# Assignment
Where a picture shows up in the listing below, omit it and output the rest exactly.

# Collected data
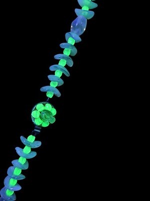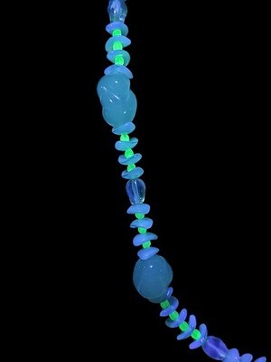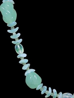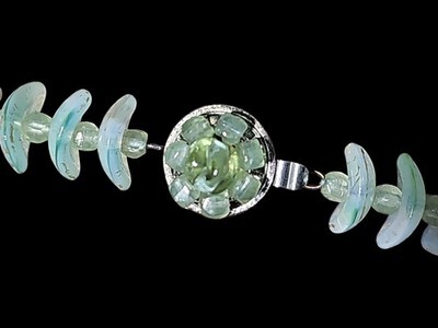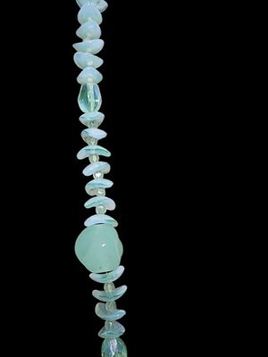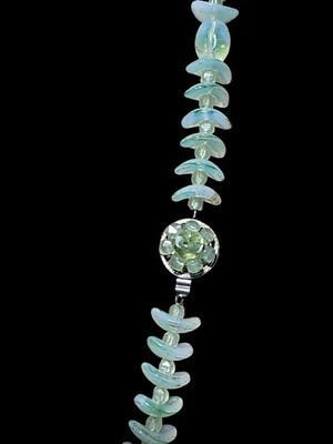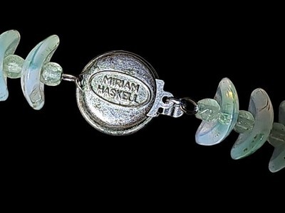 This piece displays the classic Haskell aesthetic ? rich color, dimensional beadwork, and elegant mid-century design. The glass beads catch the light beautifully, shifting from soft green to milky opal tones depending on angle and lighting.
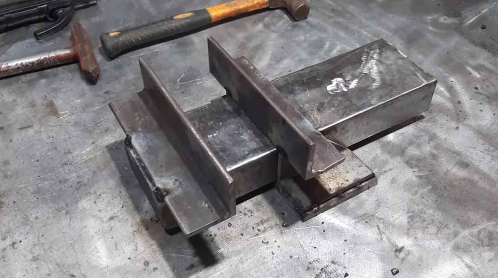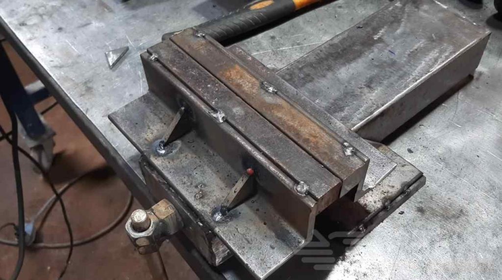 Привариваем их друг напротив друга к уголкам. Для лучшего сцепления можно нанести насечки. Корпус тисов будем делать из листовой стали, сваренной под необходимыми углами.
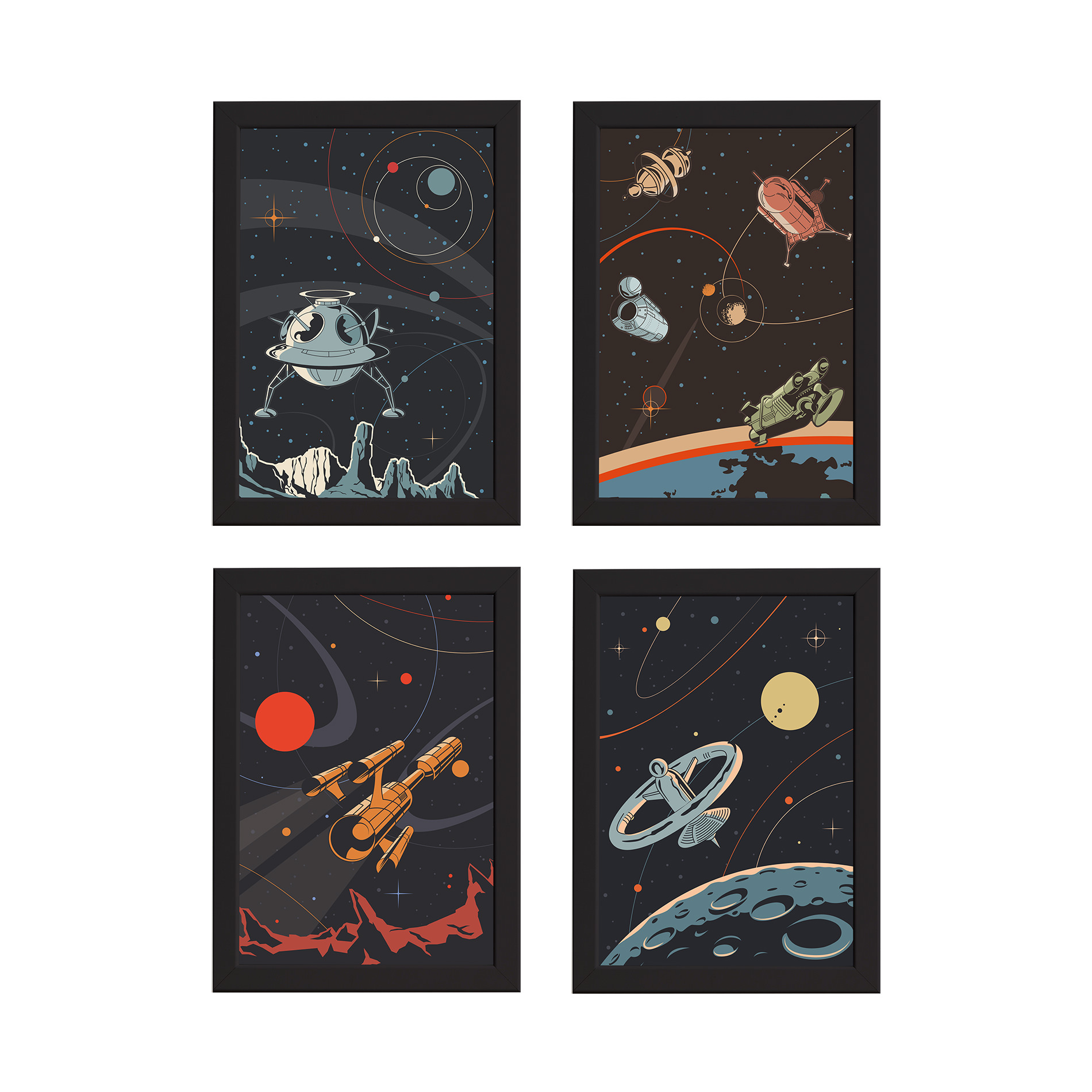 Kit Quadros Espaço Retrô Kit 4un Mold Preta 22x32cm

# Result of the exercise
 This piece displays the classic Haskell aesthetic ? rich color, dimensional beadwork, and elegant mid-century design. The glass beads catch the light beautifully, shifting from soft green to milky opal tones depending on angle and lighting.
 Привариваем их друг напротив друга к уголкам. Для лучшего сцепления можно нанести насечки. Корпус тисов будем делать из листовой стали, сваренной под необходимыми углами.
 Kit Quadros Espaço Retrô Kit 4un Mold Preta 22x32cm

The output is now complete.